The process has been further complicated by the introduction of the so-called “Security Decrees”. Promoted by former Deputy Prime Minister Matteo Salvini, leader of the hard-right Lega party, they doubled the number of years to process a citizenship application from two to four – effective retroactively. The decrees have only recently been blandly modified by new regulations that take the processing times to three years, this time not retroactively.

“I can’t help but think that there’s a political choice behind this laziness in addressing citizenship laws,” says Fatjona Lamçe, an activist who moved from Albania when she was 11. ”Why else would it take them years to complete a practice that could be done in minutes?” Now a mother of two, she’s still waiting on her citizenship having recently been threatened with deportation.

“Since I’m married to an Italian citizen, I was able to obtain a special residence permit which lasts longer but entails regular checks to see whether ours is a real marriage,” she says. “The thing is, we moved before one of these checks happened so we weren’t found at home. Local authorities automatically assumed the marriage was fake and sent me an expulsion paper.”

Lamçe continues: “I had just given birth to my daughter and went straight to the police headquarters. When they saw me with a three-month-old baby in my arms, they promised to fix the issue immediately.”

The problem, however, goes beyond the length of the administrative procedures. Not holding Italian citizenship affects all areas of life, including access to healthcare. Lamçe recalls that, for example, at the time her daughter was born, she was waiting for her residence permit to be renewed. “When my residence permit expires, so does my health care coverage. Therefore, I was told that, should I not renew it, I would have had to pay the cost of my treatments, including those relating to the birth of my daughter.”

The system also has a huge impact on job opportunities. Public tenders are reserved for Italian citizens, thus excluding Italians by right from jobs and scholarships. “Not only are we excluded from countless opportunities, but our residence rights are based on our income,” says Jovana Kuzman, a spokesperson for “Italiani senza cittadinanza”.

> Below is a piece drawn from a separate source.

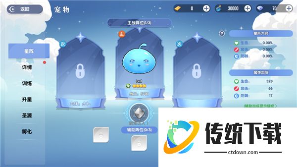 宠物也是不可忽视的一方面,通关星空之镜对应关卡后,最多能够选择3名宠物进入主战行列,还能选择6名宠物进入辅助行列。最重要的就是三名主战宠物,一定要选择SSR/UR以上宠物,不仅技能效果好属性也很强力。在选择好宠物后还能进行等级提升,以及资质训练和升星强化。训练时只要当一条资质达到满级就能进行突破,只有不断的突破和升星,才能最终形成强悍的战斗帮手。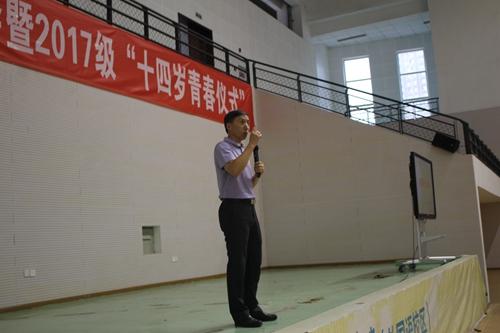 初二6班赵书立的妈妈代表家长发表寄语,希望孩子们可以做身心健康、仁爱感恩的人;在步入青年行列时树立目标,磨砺自己顽强的意志,用踏实的行动坚守自己的目标和梦想;能够与身边的青年建立起美好真诚的友谊,互帮互助,共同体验成长的快乐。

Kuzman moved from Serbia aged two. Now studying Political Science and International Relations in Rome, she’s an activist working with Oxfam Italy. “My citizenship depends on my mother’s income and permanent residence document,” she says. “Therefore, should anything happen to her, I would have to leave the country that is my home in every respect.”

Italians without citizenship find themselves in an extremely precarious situation. They’re required to pay for costly administrative practices, which take years to be completed, while remaining perfect citizens. ”We’re supposed to be infallible,” Kuzman adds. “This shows a complete lack of understanding of the social and economic fabric of Italy. If Italian citizens themselves struggle having a stable income for four years, how are we supposed to do it?”

Italy has deeply changed since 1992 but citizenship laws don’t reflect this transformation, and a million people are now left out of a voting process that could change that. “In Italy, we believe that being Italian means having an Italian name and being white,” Kuzman says. “We just don’t envisage anything different.”